My mom adventures in Fort Collins


On making friends as a grown-up
March 27, 2012, 1:59 am
Filed under: Family | Tags: , , , ,

There is something very strange about making friends as an adult. Maybe it’s just me. I found this to be especially true when I became a stay-at-home-mom and there was no longer a unifying force driving me into the friendship: no co-workers, no fellow students, no membership to a jelly-of-the-month club that keeps you in touch. You have to rely on your wits, don’t you? I’m out there, on my own, trying to use the sunny disposition that God gave me to win the love and affection of a stranger. It’s humbling.

My life since moving to Fort Collins has been an experiment in making new friendships. It’s a paradox. Right now is the precise time in my life when I would most benefit from something as simple as sharing a sweet bit of dialogue with another living, breathing human being over the age of thirty. It is also the time in my life when I cannot feasibly have a decent, uninterrupted conversation without neglecting two small children.
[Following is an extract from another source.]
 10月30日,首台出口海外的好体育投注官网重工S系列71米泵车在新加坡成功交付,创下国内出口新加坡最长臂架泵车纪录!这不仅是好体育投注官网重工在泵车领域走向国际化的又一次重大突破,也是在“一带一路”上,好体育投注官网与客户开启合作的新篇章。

Another interesting aspect to this whole quandary is that I get to watch my two daughters experiment with this at the same time. I have observed the interactions between toddlers and preschoolers in the play arena.

My test subject, toddler

Apparent criteria for friendship when you are a toddler:

  1. You are also a toddler.
  2. You have cool stuff and you let me touch it.
  3. You have awesome snacks and you don’t bite me if I steal them.
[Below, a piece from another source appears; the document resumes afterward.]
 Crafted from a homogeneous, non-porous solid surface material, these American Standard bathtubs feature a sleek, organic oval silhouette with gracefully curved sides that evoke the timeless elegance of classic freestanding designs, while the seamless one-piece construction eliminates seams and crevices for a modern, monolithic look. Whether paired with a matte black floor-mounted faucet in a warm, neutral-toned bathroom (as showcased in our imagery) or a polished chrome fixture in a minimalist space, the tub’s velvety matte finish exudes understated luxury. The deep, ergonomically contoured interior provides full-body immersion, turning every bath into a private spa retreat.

    My test subject, preschooler

Apparent criteria for friendship when you are a preschooler:

  1. You are somewhere around my age, but not as young as my younger sibling. (However, you can be a baby. I will definitely get down in the face of a small infant and touch his impeccable face and hands with my grimey germy mitts.)
  2. We speak the same language, and even if we don’t it’s probably not a big deal.
  3. If I am a girl and you are a girl, we’re cool. If I am a boy and you are a boy, we’re cool. And sometimes this doesn’t matter at all.

Using my powers of inductive reasoning, I’d say that toddlers and preschoolers are generally open-minded, flexible people when it comes to making friends. They don’t require a litany of prerequisites to get to work in the sandbox with someone. They put little emphasis on outward appearances, and they don’t care where you went to school, who your employer is, what your political leanings are, or even whether or not you’re potty-trained.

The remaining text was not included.